3a) So let's assume we've banned the development of unmarked models. This is also difficult and probably legally unfeasible, but let's assume we somehow managed. If all of that holds, then we have a marking system that works. For a few years. After that, computing will be cheap enough that hostile actors can train their own model, circumventing the solution.
4) Develop a software that spots and marks fakes (and/or hire an army of people specifically trained to look at videos and decide whether they are fake). This leaves you in a race with hostile actors, where nobody can ever achieve a complete victory. I.e. the system will always have a non-zero rate of false positives and false negatives. Worse, the hostile actors are at an advantage, because the delta between real videos and fakes is only going to grow narrower over time, not just shift around. Eventually, the fakes will be undistinguishable from real, and that will be it.

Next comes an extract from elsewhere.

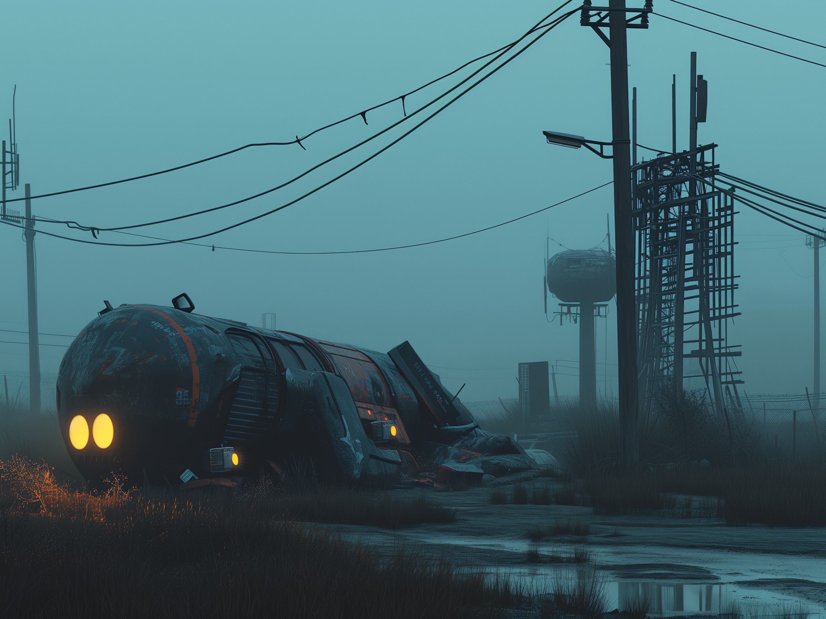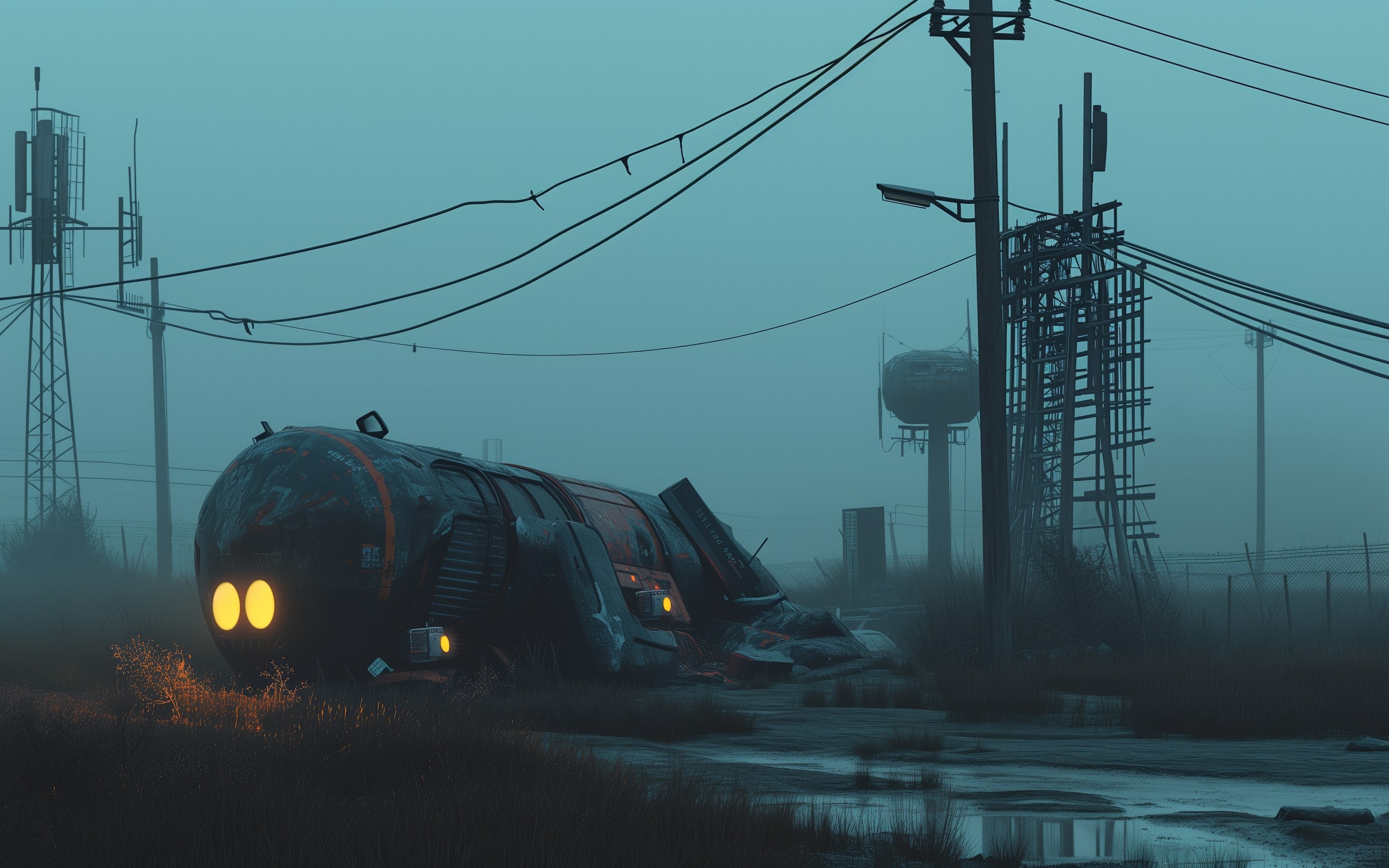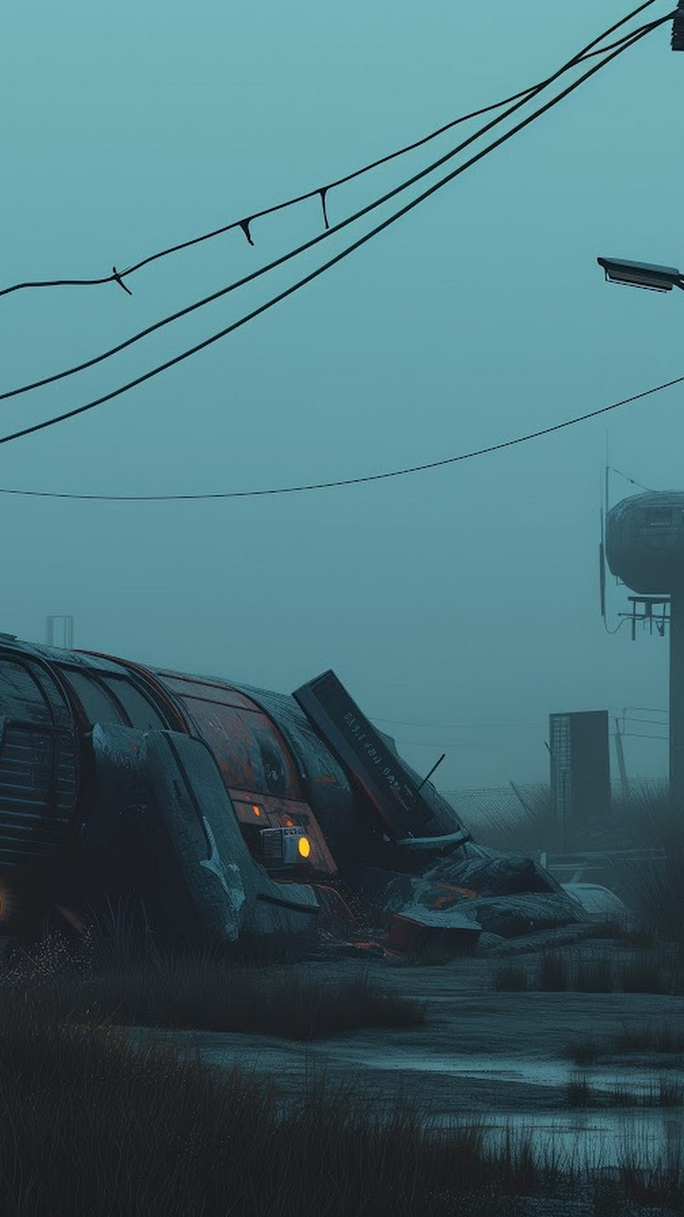 A Stunning Ai Art, Illustration, Dark, Rural, Cyberpunk 5K Desktop and Mobile Wallpaper Background (5824x3264)
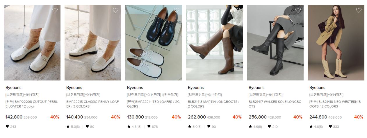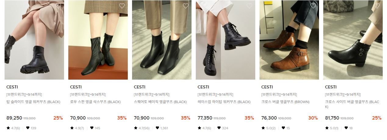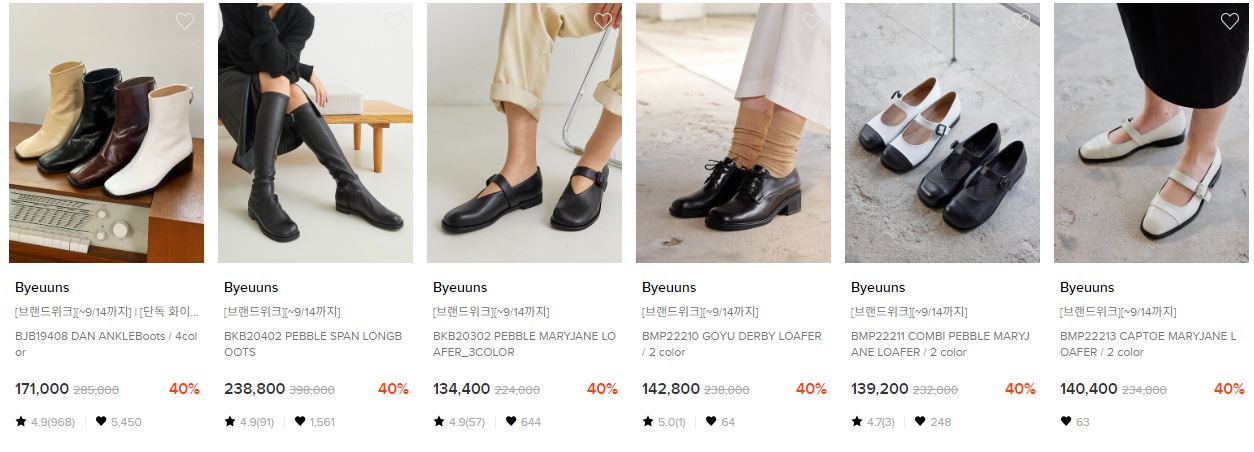 할인 품목 : 부츠, 로퍼 등

I'm out of ideas. Any others?
So, even in the best case scenarios, we simply can't mark them "until society adapts". The best we can do is buy society a few years' time, after which the fakes will be everywhere regardless of whether society is ready or not. Even that is assuming that a lot of things go well. It's more likely that there is nothing we can do to mark fakes in a reliable fashion.
I would humbly suggest that it's better to focus our energies on figuring out how society can adapt to a world where anything you don't see with your own eyeballs might be fake. We'll have to do it soon anyway. Figuring out how to restore the concept of "trusted sources" could be a good first step.